The second signal is that an analyst investigating an alert from Model A pulls their own ad-hoc query and gets a different number from what the alert reports, because Model A counts a rolling 24-hour window and the analyst's ad-hoc query counts the calendar day, so the analyst starts to stop trusting the alerts. That's the feature-definition-drift problem, and a feature store is one solution to it, though it isn't the only one.

Vocabulary

What a feature store actually is.

Three pieces of vocabulary do most of the work in this conversation. A feature is a derived numeric or categorical signal computed from raw data: failed_logins_24h is a feature, login_geo_diversity_score is a feature, rare_process_count is a feature. The raw authentication log line is not a feature; the count of failures in a 24-hour window for a given user is.

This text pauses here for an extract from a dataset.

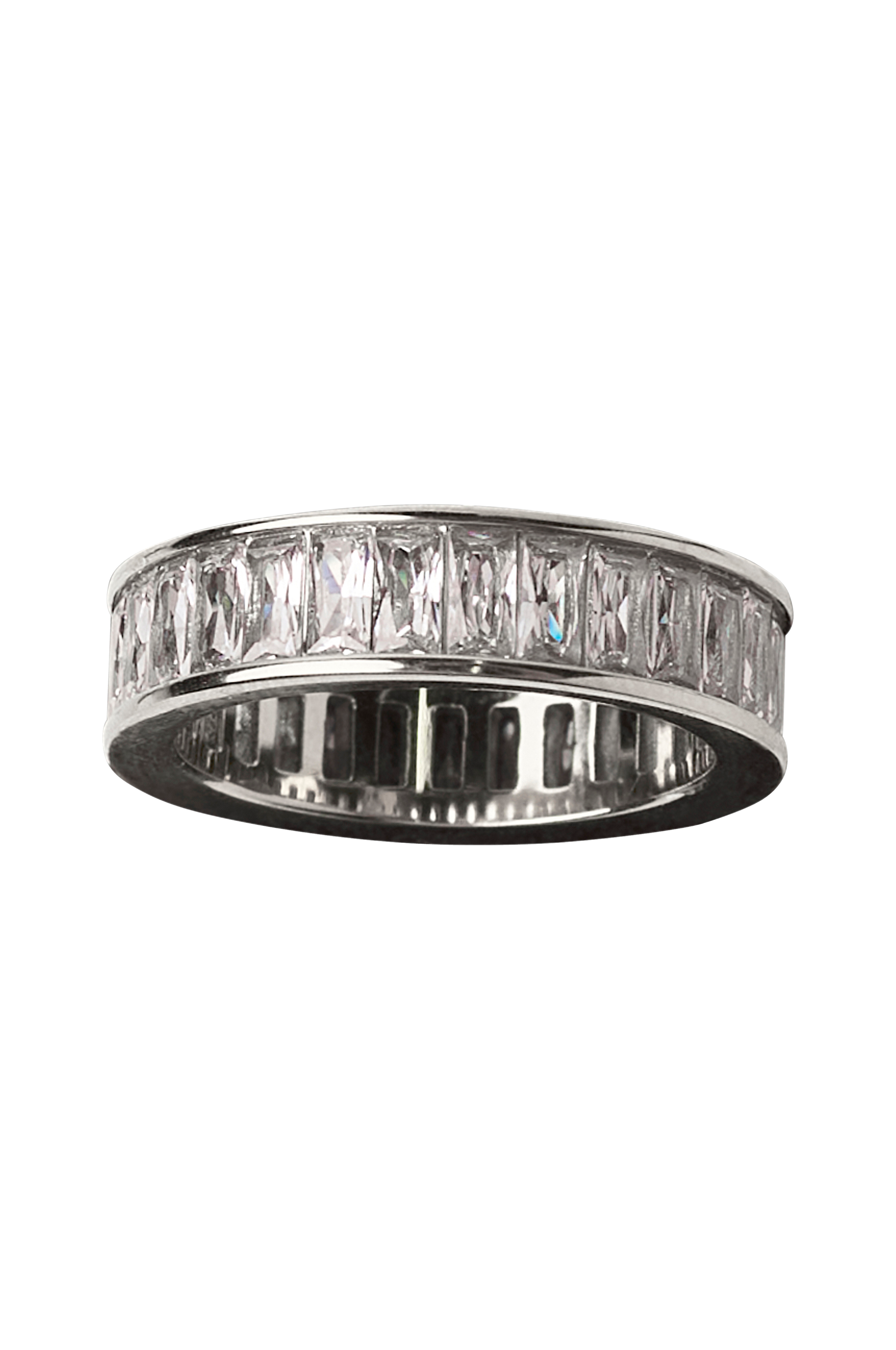 Radiant ring har vackra baguetteformade stenar satta runt hela ringen och en infattning som låter ljuset lysa igenom. Radiant ring blir en favorit som du bär både till vardag och fest. Bredd 5 mm, höjd 2 mm. Blankt, rostfritt stål. Nickelsäkert.

A feature store is a system that centralizes the definition, computation, and serving of those features, so there's one definition and one computation served consistently to every model that needs it. The store has two faces. The offline store holds historical features for training (typically Iceberg tables, Snowflake, BigQuery). The online store holds the latest precomputed values for real-time inference at low latency (typically Redis or DynamoDB), because production detection cannot wait several seconds for a feature extraction query to run against raw logs.

The third piece is point-in-time correctness. This one is subtle and matters more than people realize. When I train a model to predict whether a user session was compromised at 09:00 on Tuesday, I can only use features whose values would have been computable at 09:00 on Tuesday. If I accidentally let the training set see failed_logins values that were aggregated as of 17:00 the same day, the model "cheats." It has access to future data that won't exist at inference time. The production model will then perform far worse than the training metrics promised. A feature store handles this correctly by joining historical entity-and-timestamp rows against the feature value as of that timestamp. Hand-rolled feature pipelines almost always get this subtly wrong on the first few iterations.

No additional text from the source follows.